By: Brett (ggtgp.delete@this.yahoo.com), August 10, 2022 11:59 pm
Room: Moderated Discussions
Brett (ggtgp.delete@this.yahoo.com) on August 5, 2022 1:17 pm wrote:
> Brett (ggtgp.delete@this.yahoo.com) on August 3, 2022 4:31 pm wrote:
> > --- (---.delete@this.redheron.com) on August 3, 2022 2:55 pm wrote:
> > > Adrian (a.delete@this.acm.org) on August 3, 2022 11:33 am wrote:
> > >
> > > What is the problem you are trying to solve? You want to shrink the average size
> > > of an instruction from 4 bytes to, I don't know, 3.2 bytes? Why is that worth doing?
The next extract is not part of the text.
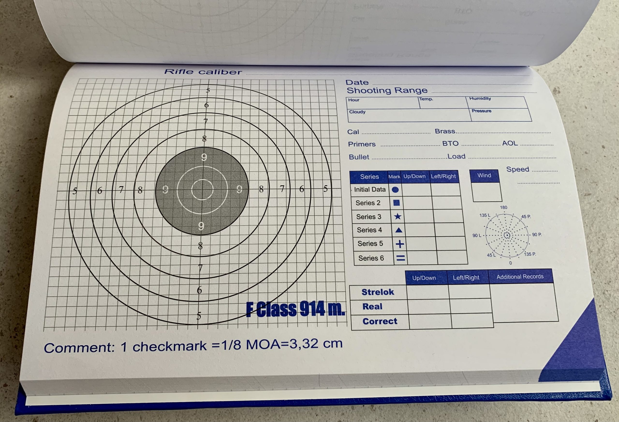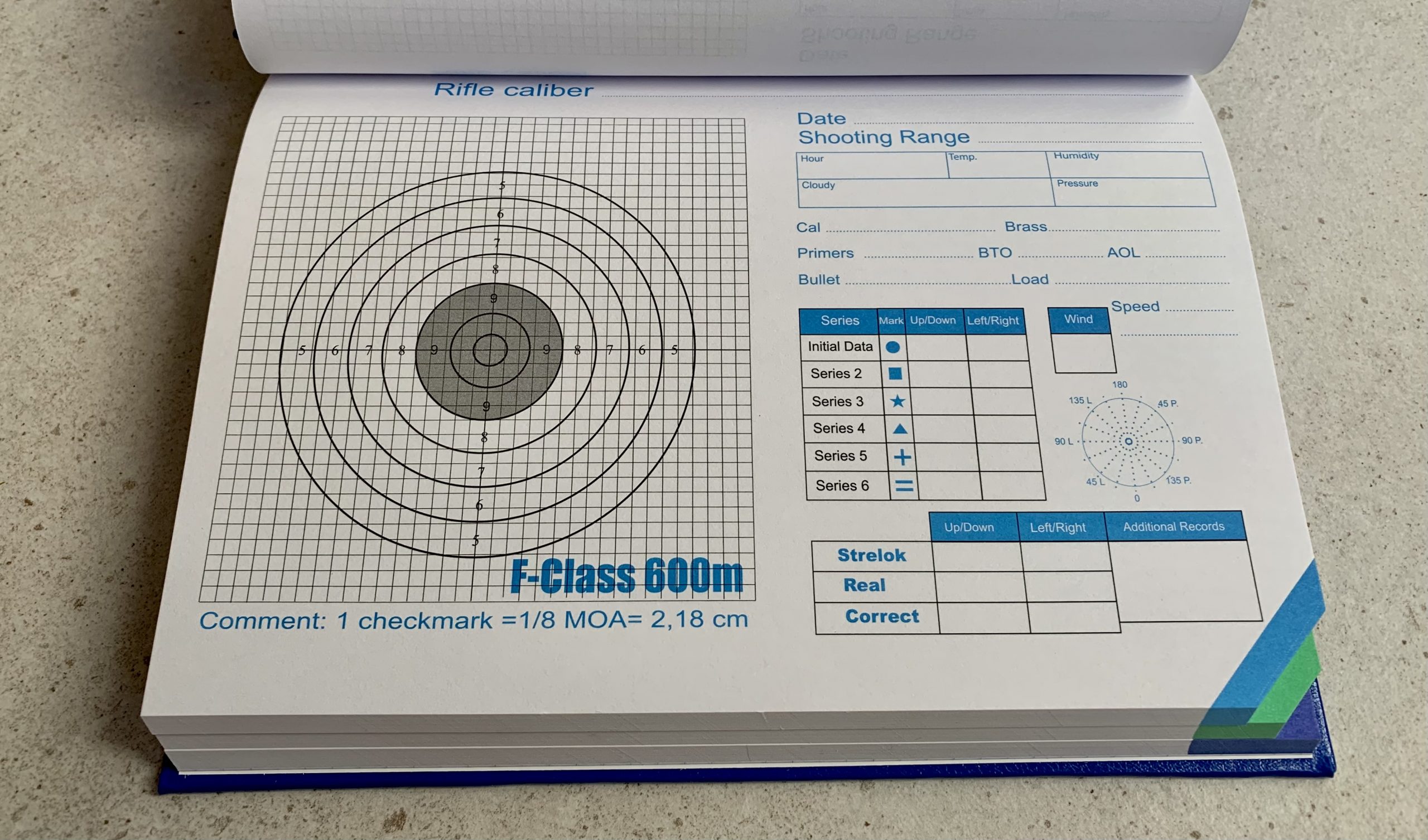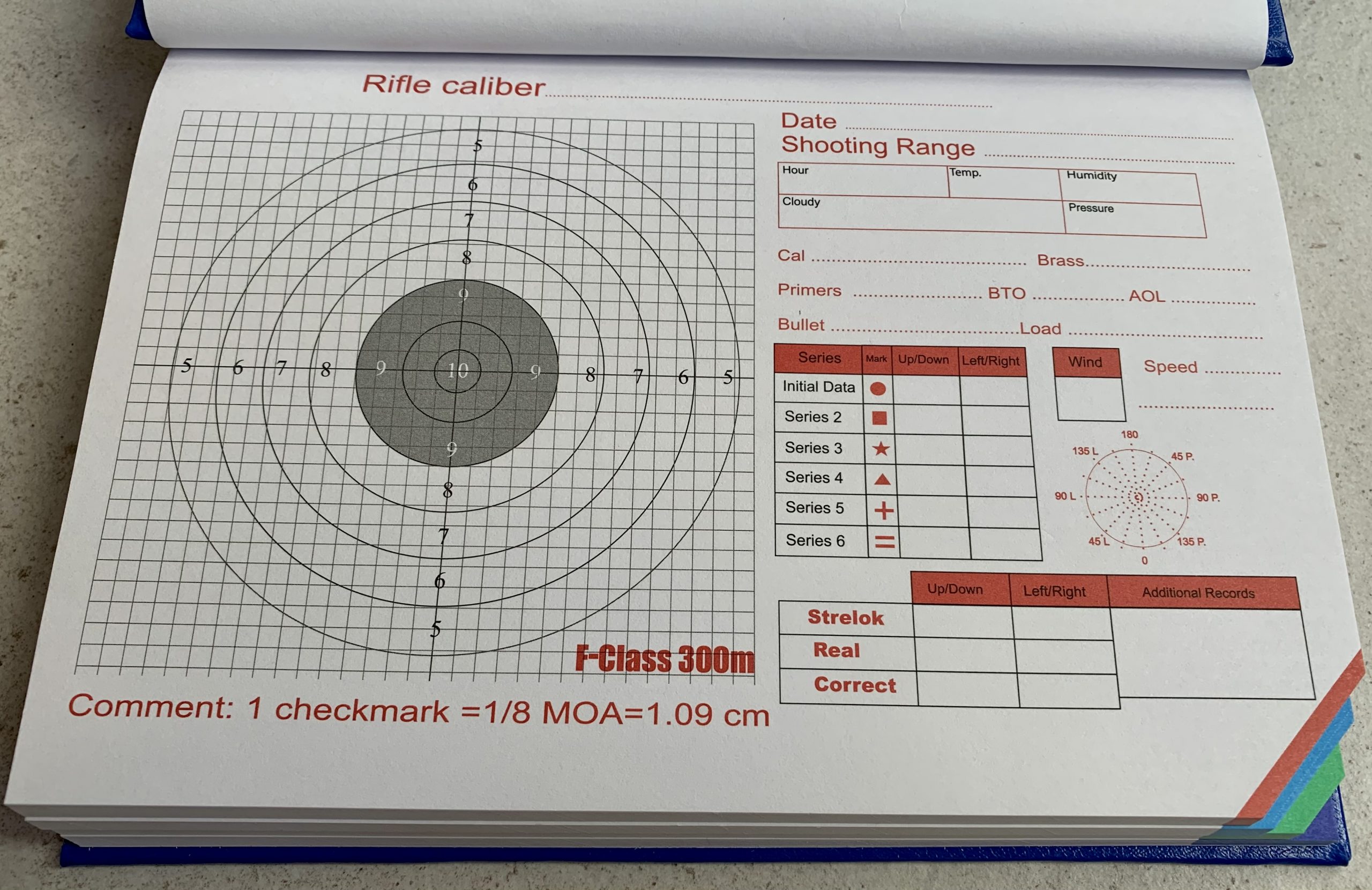 Notatnik – tabele do nanoszenia poprawek , profesjonalny druk, cztery bazowe dystanse 300-600-800 m i 1000y(914m) czytelnie oznaczone kolorami , w 1/8 MOA . Autor Jacek D.

> > > Or, if worth doing, not worth doing via something like CodePack instead?
> > >
> > > If you insist on stacks (even 8 stacks) you give up on register renaming and all that implies
> > > for extreme OoO (hundreds of instruction in size), extreme width, and extreme speculation.
> > > And if your answer is "well I'll implement the top few registers of the stacks as renamed
> > > registers", well, then, what exactly are we simplifying by not using registers directly?
> > >
> > > I understand the impulse; we're all irritated by the ISA bits that are burned by having
> > > to specify each of multiple registers. But ultimately, that's what computing IS -- specifying
> > > moving data. In a way, your viewpoint is like people still insisting that computing is
> > > about adds and multiplies, and everything else is "overhead". NO, it's NOT!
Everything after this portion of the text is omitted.